From the Department of Thoracic Surgical Oncology
*Division of Radiation Medicine State University of New York & Roswell Park Cancer Institute Buffalo, New York, USA
Background. Approximately 21% of patients with advanced malignancies have cardiac or pericardial involvement with tumor. Controversy exists regarding the optimal approach to the pericardial space when hemodynamic compromise due to effusions occurs.
Methods. A six-year retrospective review of 59 cancer patients with pericardial effusions.

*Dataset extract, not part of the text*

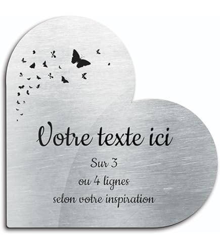 Fabriquée avec soin et expertise, cette plaque funéraire allie design esthétique et résistance durable. Générique Plaque Funéraire Coeur Personnalisée - Rose Granit Formats et couleurs Variés : Nos plaques à graver existent en 2 formats : petit ou grand., Motif colombe. Stop Pub Plaque Funéraire Personnalisée Pour Columbarium Avec Photo Gravée Sur Plaque Cimetiere Personnalisable Conçue en or ou argent brossé élégant, cette plaque apporte une touche de raffinement tout en symbolisant la paix et la sérénité grâce à son motif coeur délicatement gravé. Offrez un hommage unique, à l’image de vos souvenirs les plus précieux, avec une plaque gravée de qualité professionnelle, pensée pour durer et préserver la mémoire de vos proches avec dignité et élégance., Mode d'emploi 0 Plaque Funéraire Coeur Personnalisée avec Photo et Texte - Thèe Passions - Plaque Funéraire... Made in France : Depuis 20 ans, LCF fabrique de A à Z depuis son atelier à Dijon, en Bourgogne, des plaques de haute qualité entièrement personnalisées. Ultra-résistant : Très forte résistance aux intempéries, plaque traitée contre les UV. Plaque de columbarium personnalisée avec gravure de coeur Des surfaces aux effets métallisés alliées à une base acrylique permettent d‘obtenir l‘aspect du métal avec les avantages des plastiques. Épaisseur et matière : Épaisseur de la plaque en acrylique brossé est de 1,6 mm. Personnalisation Facile : Utilisez notre configurateur intuitif accessible via le bouton jaune Personnaliser maintenant. Description du produit Créez un hommage personnalisé et intemporel pour honorer la mémoire de vos proches avec notre plaque funéraire gravée en forme de coeur. Option supplémentaire : sans fixation, option dos autocollant (se colle sur toute surface lisse et propre avec son adhésif 3M double face intégré) ou option avec perçage, se fixe sur tout support.

Results. Thirty-six patients had subxiphoid pericardial window (SXPW) alone (Group A), 5 had pericardial catheter drainage (PCD) followed by a SXPW (Group B), 10 had PCD with sclerosis (Group C), 5 had PCD alone (Group D), 2 had PCD with pericardial-pleural window (Group E), and one had pericardial-peritoneal window (Group F). The method of procedure, complications, number of hospital and ICU days, cytological or pathologic evidence of malignancy, solid versus hematological tumors, and survival were analyzed. The median survival for those patients in group C was one month compared to 4 months for Group A and 6 months for Group B. Essentially, results were similar regardless of method performed with the exception that professional and hospital charges averaged $4830 for SXPW compared to $1625 for PCD.
Conclusions. Pericardial catheter drainage and sclerosis provides a viable option for the treatment of pericardial effusions in selected cancer patients at markedly reduced cost and patient discomfort.